Ogni 6 mesi, inoltre, sempre ai sensi dell’art. 33, il curatore deve fare un rapporto riepilogativo delle
attività svolte.
Il curatore può stare in giudizio nella veste di terzo (ossia come organo della procedura) oppure nella
posizione sostanziale e processuale del fallito.
Se prima del fallimento il fallito aveva iniziato una causa nei confronti di un soggetto, ad esempio, o
era stato chiamato in causa da un altro, con la dichiarazione di fallimento il fallito non può più essere
parte di quella causa, salvo situazioni particolari, e quindi in quella causa al posto del fallito può
decidere di stare il curatore, previa autorizzazione del giudice delegato. Oppure il curatore potrebbe
decidere, come organo della procedura, dopo essere stato nominato, di intentare una causa nei
confronti di qualcuno, e in questo caso assume veste di terzo perché non va a sostituirsi al fallito.
N.B. Anche se il curatore subentra ad un giudizio al posto del fallito, egli non rappresenta il fallito!
Egli è uno organo della procedura. Aspetto importante poiché ha delle ricadute anche con riferimento
a questioni di carattere fiscale. Il curatore non rappresenta il fallito.

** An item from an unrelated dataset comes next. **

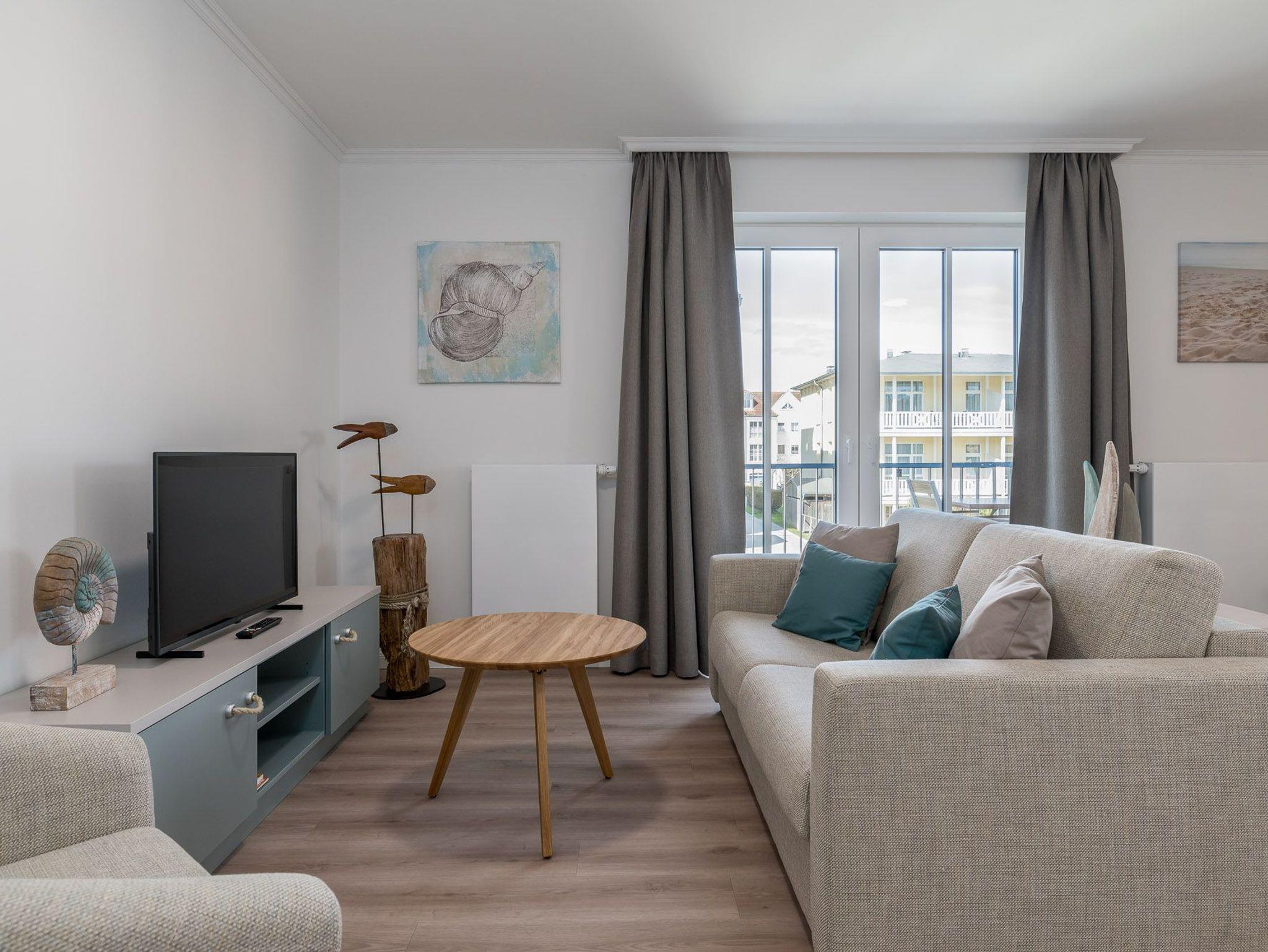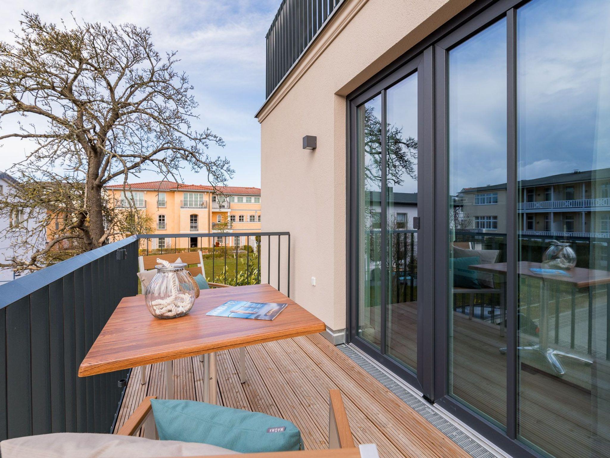 Das komfortabel eingerichtete Apartment liegt im ersten Stock und ist bequem über die Treppe oder den Aufzug zu erreichen. Es bietet mit seinen zwei Zimmern genügend Platz für 4 Personen. Außerdem verfügt es neben seiner Wohnfläche von ca. 60 qm, auch über einen nach Südwesten ausgerichteten Balkon. Dieser ist mit Balkonmöbeln und einem Sonnenschirm ausgestattet.

Il curatore, per compiere determinati atti, deve avere delle autorizzazioni: a) del giudice delegato per
delle azioni giudiziali; b) per compiere atti di straordinaria amministrazione è richiesta
l’autorizzazione del comitato dei creditori; c) per depositare e prevelare delle somme riscosse dal
conto della procedura deve esserci autorizzazione del giudice delegato.

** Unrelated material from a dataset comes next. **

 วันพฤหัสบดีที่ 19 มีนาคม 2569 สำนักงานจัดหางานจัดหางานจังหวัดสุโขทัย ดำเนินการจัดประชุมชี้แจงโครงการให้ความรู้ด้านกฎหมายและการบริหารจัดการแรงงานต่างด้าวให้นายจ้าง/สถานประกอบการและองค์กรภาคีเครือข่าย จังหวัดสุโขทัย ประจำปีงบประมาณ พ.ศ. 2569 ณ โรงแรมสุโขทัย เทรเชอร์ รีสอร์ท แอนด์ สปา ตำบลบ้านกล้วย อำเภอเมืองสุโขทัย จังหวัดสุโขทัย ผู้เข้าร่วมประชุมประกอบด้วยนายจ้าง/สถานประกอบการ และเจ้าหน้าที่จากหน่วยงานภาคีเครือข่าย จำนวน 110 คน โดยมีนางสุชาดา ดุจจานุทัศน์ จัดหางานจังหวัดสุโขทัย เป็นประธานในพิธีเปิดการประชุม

Art. 38: il curatore deve adempiere ai doveri del proprio ufficio, imposti dalla legge o derivanti dal
piano di liquidazione approvato, con la diligenza richiesta dalla natura dell’incarico.
Ciò che viene richiesta è la diligenza professionale, quindi. Può essere chiamato a rispondere, quindi,
sia in caso di colpa (lieve) sia in caso di dolo. In caso di inosservanza, quindi, il curatore è tenuto al
risarcimento del danno. Tanto più il potere che gli viene assegnato è discrezionale, tanto più è difficile
delineare profili di responsabilità.
Il comitato dei creditori
Composto da 3 o 5 membri nominati dal giudice delegato tra i creditori, in modo da rappresentare in
modo equilibrato la quantità e qualità dei crediti ed avuto riguardo alla possibilità di soddisfacimento
dei crediti stessi) è l’organo rappresentativo dei creditori.

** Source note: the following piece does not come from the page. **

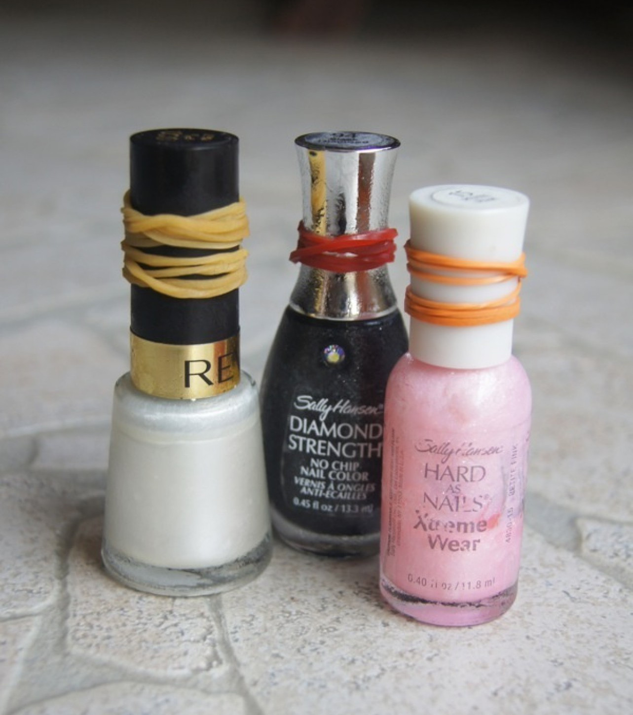 Если нужно открыть бутылочку с лаком для ногтей, но лак немного присох, то намотайте резинку на крышечку и попробуйте открыть еще раз, обязательно все получится.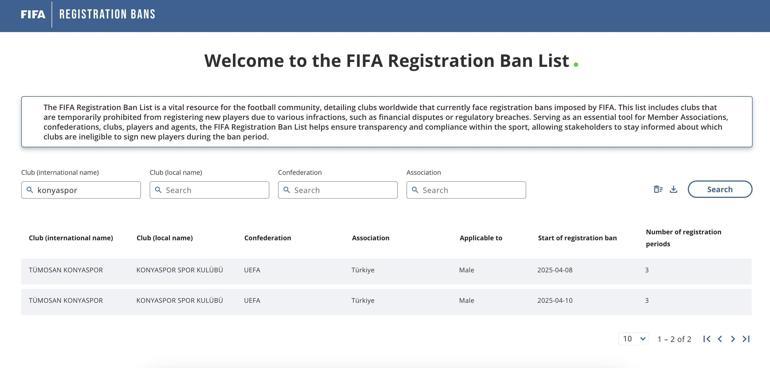Süper Lig’de istikrarsız bir dönem yaşayan ve küme düşme çizgisinden kurtulmak için gayret veren Konyaspor’a bir berbat haber de FIFA’dan geldi. FIFA’nın internet sitesinde yer alan bilgiye nazaran; Konyaspor, 10 Nisan 2025 başlangıç tarihinden itibaren 3 periyot transfer yasağı cezası aldı.

Il comitato dei creditori:
-
vigila sull’operato del curatore;
autorizza gli atti di straordinaria amministrazione del curatore;
esprime i pareri nei casi previsti dalla legge (es. nei casi di esercizio provvisorio
dell’impresa del fallito e di affitto d’azienda);
ha il potere di ispezionare in qualunque tempo le scritture contabili e i documenti della
procedura e di chiedere notizie e chiarimenti al curatore e al fallito.